Information Management
Transaction Management (slides provided by Prof. Samarati)
Università degli Studi di (1)
Copyright By PowCoder代写 加微信 powcoder
Transaction
• Elementary unit of work executed by an application, characterized by
specific properties of correctness, robustness, and isolation Transactional system
• Systems that provide a mechanism for the definition and execution of transactions by different concurrent transactions
Transaction (2)
Syntactically
• A transaction is a procedure included between two commands • begin transaction (bot)
• end transaction (eot)
• Within a transaction, one of the following commands is executed exactly once
• commit work (commit): to terminate with success
• rollback work (abort): to undo the procedure execution
Transaction (3)
A transaction is said to be well formed if
• it starts with begin transaction
• or equivalent, depending on the language
• it ends with end transaction
• it includes only one between commands commit and rollback
• there is access operation (read/write) to the database after the execution of command commit or rollback
Transaction: example (1)
begin transaction x := x – 10 y := y + 10
z := z – y if z < 50
then commit work
else rollback
end transaction
Transaction: example (2)
begin transaction
update Account
set Total = Total - 100 where AccountNum= ‘123456’
update Account
set Total = Total + 100 where AccountNum = ‘123457’
commit work
end transaction
Transactions: properties
Transactions should satisfy ACID properties
• Atomicity
• Consistency • Isolation
• Durability
A transaction is an atomic unit of work
• It cannot leave the database in an intermediate state
• a failure or an error before commit causes the UNDO of the work done up to that point
• a failure or an error after commit may require to REDO the work previously done, if its permanence on the database is not guaranteed
Possible transaction:
• commit: usual behavior (99.9%)
• rollback requested by the application: suicide • rollback requested by the system: homicide
Consistency
The execution of a transaction should not violate integrity constraints defined for the database
• Integrity checks can be:
• immediate: during the transaction (the operation causing the violation is
• deferred: at the end of the transaction (if constraints are violated, the whole transaction is refused)

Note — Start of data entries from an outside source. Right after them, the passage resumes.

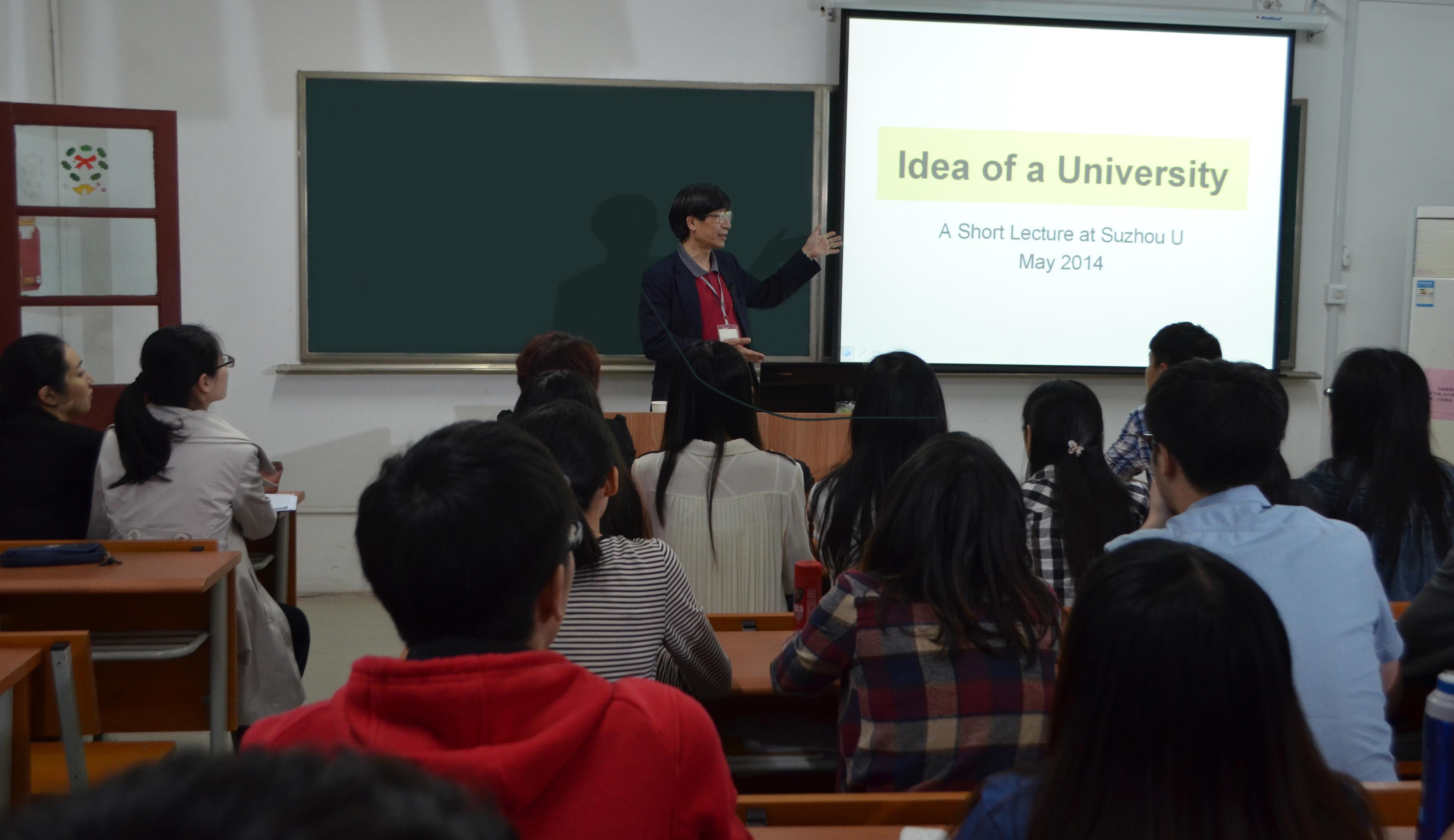 杨纲凯教授首先由英文中“大学”的前缀“Uni”启发同学进行思考,并追溯了大学的起源。他引用了古今中外大量生动丰富的例子,解读了人类思想的进步与大学发展之间的关系,启发同学们辩证地看待大学通识教育与职业教育、精英教育与普及教育、教学与研究之间的关系。他还重点介绍了香港中文大学的通识教育课程之一《与人文对话》的教学内容、教学方法与评价方式。港中大全人教育的理念,学校对通识教育的重视,以及同学们深厚的经典文化的学养令人极为钦羡。
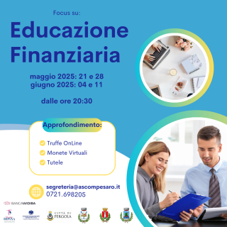 Terziario Donna con Confcommercio Marche Nord e la collaborazione di Banca Widiba e delle amministrazioni comunali coinvolte organizza un corso di ‘Educazione finanziaria’ per approfondire tematiche di strettissima attualità, in particolare le truffe...
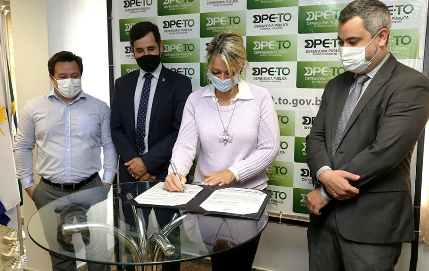 A assinatura do contrato por parte da Defensoria Pública foi realizada na tarde desta segunda-feira, 13, na sede da Instituição, em Palmas. Prestigiaram o subdefensor público-geral Pedro Alexandre Conceição Aires Gonçalvez; o superintendente de defensores públicos Danilo Frasseto Michelini; e o presidente da Associação das Defensoras e Defensores Públicos do Estado do Tocantins, Guilherme Ivo Vilela.
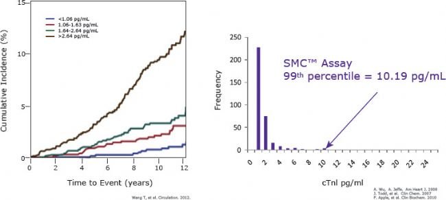 在一项长达12年的连续研究中,cTnl的价值被彻底地重新定义。研究者在12年前检测了正常个体的cTnl, 并且根据本底表达水平的差异将被测者分为4组。在随后12年的临床追踪中,发现本底表达cTnl较高的个体倾向于较高的累积心脏病发病率,而本底表达丰度低于1.06pg/mL的个体12年后心脏病的累积发病率极低。研究揭示cTnl本底表达水平可影响多年后心脏病事件发病率。

The execution of a transaction should be independent from the execution of any other concurrent transaction
• Concurrent execution of a set of transactions should lead to the same result as an arbitrary sequential execution of the same transactions
Durability
The effects of a transaction that executed commit should not be lost
• The system should guarantee persistency of data even in case of failures and malfunctioning
Transactions and system modules (1)
ACID properties are checked and guaranteed by DBMS modules
• Atomicity: reliability manager • Consistency: DDL compiler
• generates the verification activities enforced at transaction execution time • Isolation: concurrency manager
• Durability: reliability manager
Transactions and system modules (2)
• Transaction manager
• Coordinates activities related with transactions through the execution of
begin transaction, commit, and rollback operations • Reliability manager
• Guarantees atomicity and persistency by interacting with
• Access methods manager (to keep track of requested operations)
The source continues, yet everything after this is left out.